Reference Kubernetes apps in the Azure application using a managed app sample
This article gives technical resources and recommendations to help you reference Kubernetes apps in the Azure application using a managed app sample.
Limitations
The managed app offer won't work against an existing managed AKS cluster and Azure Arc-Enabled Kubernetes cluster. The offer needs to create a new managed AKS cluster and install the application on the cluster, otherwise, the offer will fail to deploy.
Prerequisites
You need to set up a Kubernetes offering in Azure Marketplace that you would like to reference in your managed app offer. You can refer to the Getting Started guide to create a Kubernetes offering.
Your UI definition and ARM template in this offer can be really simple, as you'll extend that in your managed app offer.
In this example, we start from k8s-offer-azure-vote folder to create the CNAB bundle for the base Kubernetes offering.
Once your offer is published and available in Azure Marketplace in preview stage, you can start creating your managed app offer.
Managed app offer
Start with the mainTemplate and createUIDefinition files in this folder.
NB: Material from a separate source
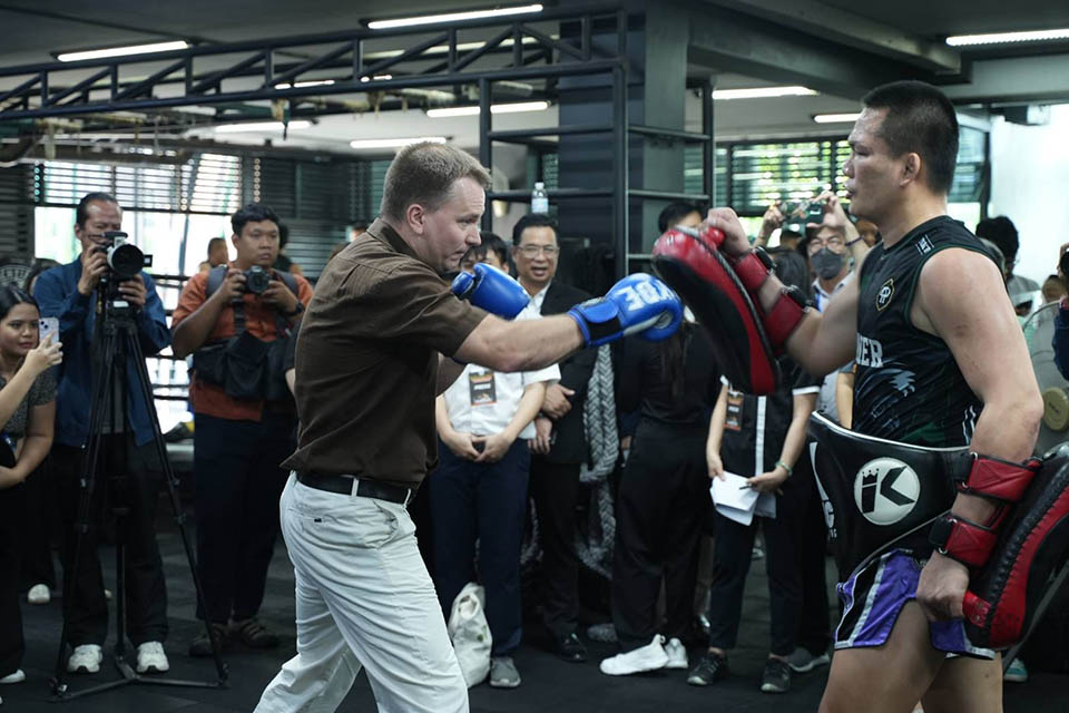 The Government Public Relations Department’s Foreign Office organized the activity “The Art of Muay Thai: Promoting the Image and Creative Economy” on 22 March 2024 at Petchyindee Academy Muay Thai Camp, Lumpini Boxing Stadium, and the Asawin Grand Convention Hotel, Bangkok. The guests were representatives from foreign ambassadors in Thailand, Thai and foreign media members, and key opinion leaders, approximately 80 people in all. The activity was held in order to ensure that the soft power of Muay Thai becomes better known internationally, leading to the creation of even more economic value.

First, update the variables section:
"variables": {
"plan-name": "DONOTMODIFY",
"plan-publisher": "DONOTMODIFY",
"plan-offerID": "DONOTMODIFY",
"releaseTrain": "DONOTMODIFY",
"clusterExtensionTypeName": "DONOTMODIFY"
},
To retrieve the value directly from the Kubernetes offering, follow the guide: Deploy an Azure Kubernetes application by using an ARM template.
Prepare mainTemplate.json
In this sample mainTemplate, we've added extra components to demonstrate how to add more components to the managed app offer.
User-assigned identity:
{
"type": "Microsoft.ManagedIdentity/userAssignedIdentities",
"name": "[concat(parameters('clusterResourceName'), '-identity')]",
"apiVersion": "2023-01-31",
"location": "[resourceGroup().location]"
},
- Keyvault, access policy and secret:
{
"name": "[uniqueString(resourceGroup().id, resourceGroup().location, 'keyvault')]",
"type": "Microsoft.KeyVault/vaults",
"apiVersion": "2019-09-01",
"location": "[resourceGroup().location]",
"tags": {
"displayName": "keyVault1"
},
"properties": {
"enabledForDeployment": true,
"enabledForTemplateDeployment": true,
"enabledForDiskEncryption": true,
"tenantId": "[subscription().tenantId]",
"accessPolicies": [
{
"tenantId": "[subscription().tenantId]",
"objectId": "[reference(resourceId('Microsoft.ManagedIdentity/userAssignedIdentities', concat(parameters('clusterResourceName'), '-identity')), '2023-01-31').principalId]",
"permissions": {
"keys": [
"Get"
],
"secrets": [
"List",
"Get",
"Set"
]
}
}
],
"sku": {
"name": "standard",
"family": "A"
}
},
"resources": [
{
"type": "secrets",
"name": "secretExample1",
"apiVersion": "2016-10-01",
"dependsOn": [
"[resourceId('Microsoft.KeyVault/vaults', uniqueString(resourceGroup().id, resourceGroup().location, 'keyvault'))]"
],
"properties": {
"value": "secretValue"
}
}
],
"dependsOn": [
"[resourceId('Microsoft.ManagedIdentity/userAssignedIdentities', concat(parameters('clusterResourceName'), '-identity'))]"
]
}
- Assigning the identity to the cluster's node and depends on:
"type": "Microsoft.ContainerService/managedClusters",
"apiVersion": "2022-11-01",
"name": "[parameters('clusterResourceName')]",
"location": "[parameters('location')]",
"dependsOn": [
"[resourceId('Microsoft.ManagedIdentity/userAssignedIdentities', concat(parameters('clusterResourceName'), '-identity'))]"
],
"tags": {},
"sku": {
"name": "Basic",
"tier": "Free"
},
"identity": {
"type": "UserAssigned",
"userAssignedIdentities": {
"[resourceId('Microsoft.ManagedIdentity/userAssignedIdentities', concat(parameters('clusterResourceName'), '-identity'))]": {}
}
},
UIDefinition
In this sample createUiDefinition, we've removed extra components that aren't applicable for the managed app offer.
Package the files
Add the two files mainTemplate.json
and createUiDefinition.json
to a zip file.
Create the managed app offer
Now that you have the artifacts required, you can follow the guide: Create an Azure application offer in Azure Marketplace to create the managed app offer.